In the title complex, [Mg(C9H4N2O4)(H2O)2]n, the MgII atom is six-coordinated by one N and three O atoms from three different 1H-benzimidazole-5,6-dicarboxyl­ate ligands and two O atoms from two water mol­ecules, forming a slightly distorted octa­hedral geometry. The ligand links the MgII centres into a three-dimensional network. Extensive N—H⋯O and O—H⋯O hydrogen bonds exist between the ligands and water mol­ecules, stabilizing the crystal structure.

Related literature

For related structures of 1H-benzimidazole-5,6-dicarboxyl­ate complexes, see: Song, Wang, Hu et al. (2009[Song, W.-D., Wang, H., Hu, S.-W., Qin, P.-W. & Li, S.-J. (2009). Acta Cryst. E65, m701.]); Song, Wang, Li et al. (2009[Song, W.-D., Wang, H., Li, S.-J., Qin, P.-W. & Hu, S.-W. (2009). Acta Cryst. E65, m702.]); Song, Wang, Qin et al. (2009[Song, W.-D., Wang, H., Qin, P.-W., Li, S.-J. & Hu, S.-W. (2009). Acta Cryst. E65, m672.]); Wang et al. (2009[Wang, H., Song, W.-D., Li, S.-J., Miao, D.-L. & Liu, J. (2009). Acta Cryst. E65, m1423.]).

[Scheme 1]

Experimental

Crystal data
  • [Mg(C9H4N2O4)(H2O)2]

  • Mr = 264.48

  • Monoclinic, C c

  • a = 7.4793 (15) Å

  • b = 18.958 (4) Å

  • c = 7.3132 (15) Å

  • β = 99.38 (3)°

  • V = 1023.1 (4) Å3

  • Z = 4

  • Mo Kα radiation

  • μ = 0.20 mm−1

  • T = 293 K

  • 0.30 × 0.25 × 0.21 mm

Data collection
  • Rigaku/MSC Mercury CCD diffractometer

  • Absorption correction: multi-scan (REQAB; Jacobson, 1998[Jacobson, R. (1998). REQAB. Private communication to Molecular Structure Corporation, The Woodlands, Texas, USA.]) Tmin = 0.943, Tmax = 0.960

  • 4611 measured reflections

  • 1143 independent reflections

  • 1096 reflections with I > 2σ(I)

  • Rint = 0.031

Refinement
  • R[F2 > 2σ(F2)] = 0.036

  • wR(F2) = 0.090

  • S = 1.06

  • 1143 reflections

  • 163 parameters

  • 2 restraints

  • H-atom parameters constrained

  • Δρmax = 0.38 e Å−3

  • Δρmin = −0.25 e Å−3

Table 1
Selected bond lengths (Å)

Mg1—N1 2.195 (3)
Mg1—O1i 2.051 (3)
Mg1—O3i 2.106 (3)
Mg1—O4ii 2.113 (3)
Mg1—O1W 2.063 (3)
Mg1—O2W 2.074 (3)
Symmetry codes: (i) [x, -y+1, z-{\script{1\over 2}}]; (ii) [x+{\script{1\over 2}}, y+{\script{1\over 2}}, z].

Table 2
Hydrogen-bond geometry (Å, °)

D—H⋯A D—H H⋯A DA D—H⋯A
N3—H3⋯O1iii 0.86 2.29 2.992 (4) 138
O1W—H1W⋯O2iv 0.84 1.84 2.651 (4) 163
O1W—H2W⋯O3ii 0.84 1.92 2.734 (4) 164
O2W—H3W⋯O4iv 0.84 2.27 3.068 (4) 160
O2W—H4W⋯O2v 0.84 1.87 2.685 (4) 164
Symmetry codes: (ii) [x+{\script{1\over 2}}, y+{\script{1\over 2}}, z]; (iii) [x-1, -y+1, z-{\script{1\over 2}}]; (iv) [x, -y+1, z+{\script{1\over 2}}]; (v) [x-{\script{1\over 2}}, y+{\script{1\over 2}}, z].

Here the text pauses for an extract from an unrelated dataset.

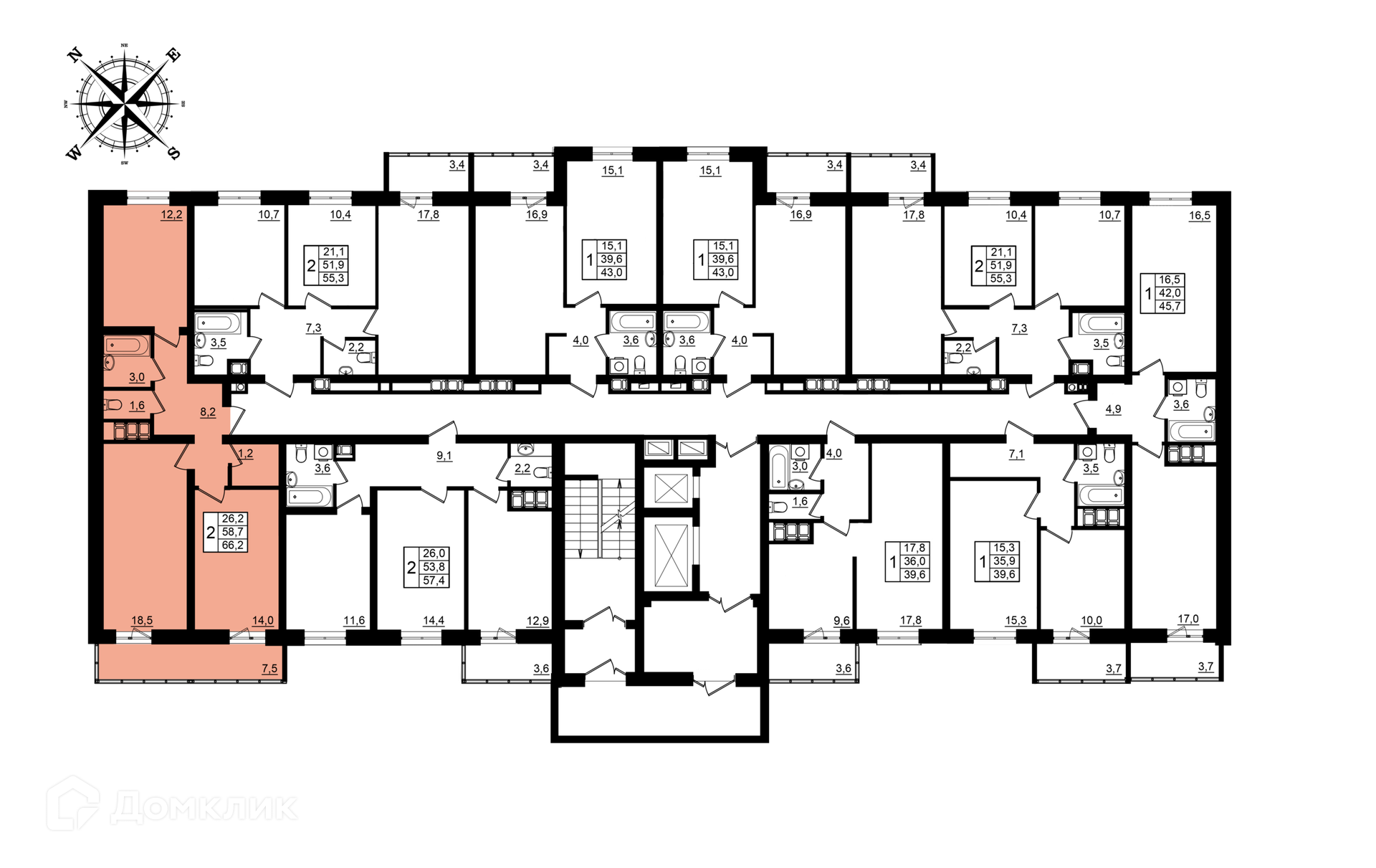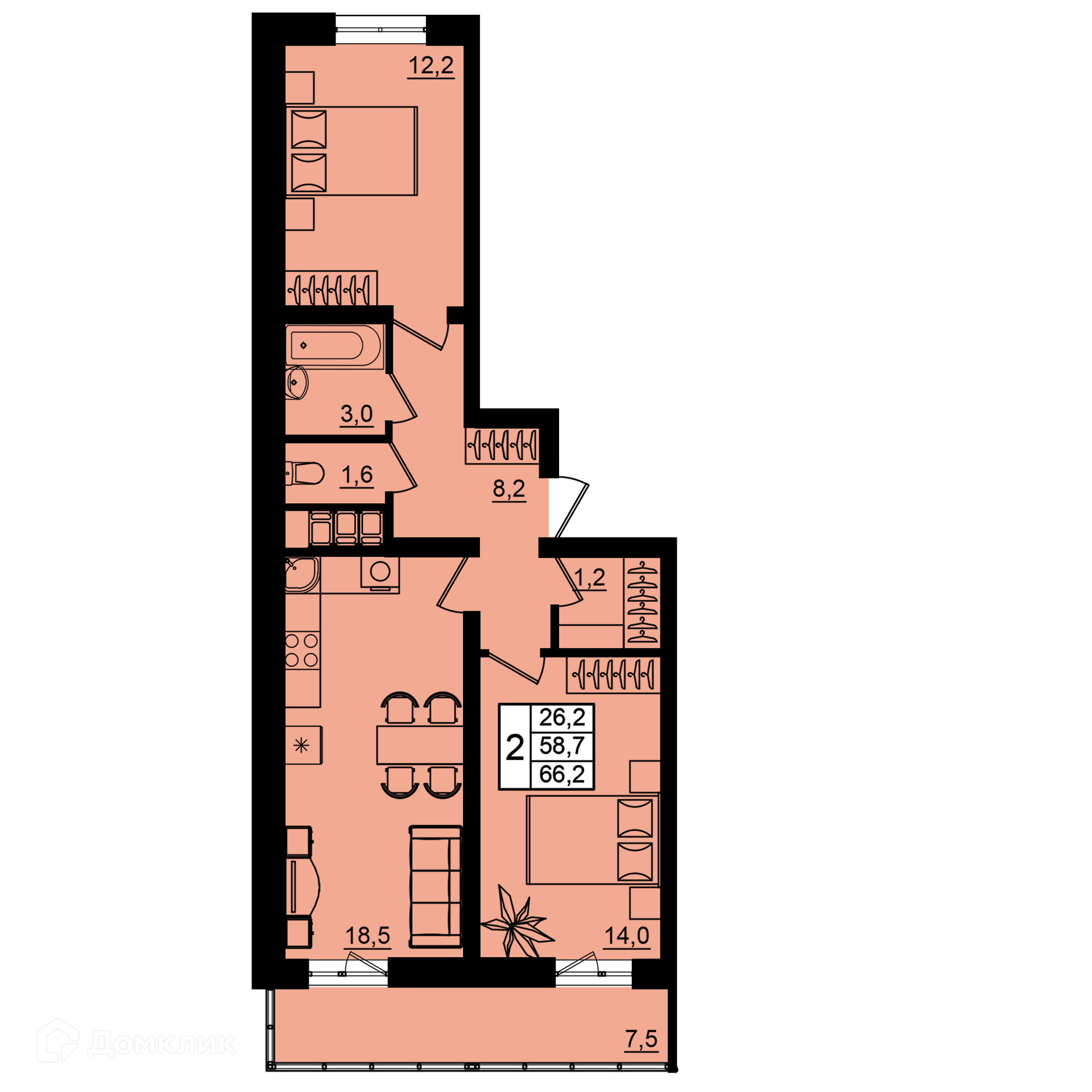 - Общая площадь: 66.2 м²

Data collection: CrystalStructure (Rigaku/MSC, 2002[Rigaku/MSC (2002). CrystalStructure. Rigaku/MSC, The Woodlands, Texas, USA.]); cell refinement: CrystalStructure; data reduction: CrystalStructure; program(s) used to solve structure: SHELXS97 (Sheldrick, 2008[Sheldrick, G. M. (2008). Acta Cryst. A64, 112-122.]); program(s) used to refine structure: SHELXL97 (Sheldrick, 2008[Sheldrick, G. M. (2008). Acta Cryst. A64, 112-122.]); molecular graphics: ORTEPII (Johnson, 1976[Johnson, C. K. (1976). ORTEPII. Report ORNL-5138. Oak Ridge National Laboratory, Tennessee, USA.]) and DIAMOND (Brandenburg, 1999[Brandenburg, K. (1999). DIAMOND. Crystal Impact GbR, Bonn, Germany.]); software used to prepare material for publication: SHELXL97.

Supporting information


Comment top

1H-Benzimidazole-5,6-dicarboxylic acid (H2L) can function as a multidentate ligand and several complexes formed from this ligand have been reported recently, including catena-poly[[diaqua(1,10-phenanthroline-κ2N,N') nickel(II)]-µ-L-κ2N3:O6] (Song, Wang, Hu et al., 2009), pentaaqua(L-κN3)cobalt(II) pentahydrate (Song, Wang, Li et al., 2009), pentaaqua(L-κN3)nickel(II) pentahydrate (Song, Wang, Qin et al., 2009) and tetraaquabis(L-κN3)cobalt(II) dimethylformamide disolvate dihydrate (Wang et al., 2009). However, the Mg complex of the H2L ligand has not been reported up to now.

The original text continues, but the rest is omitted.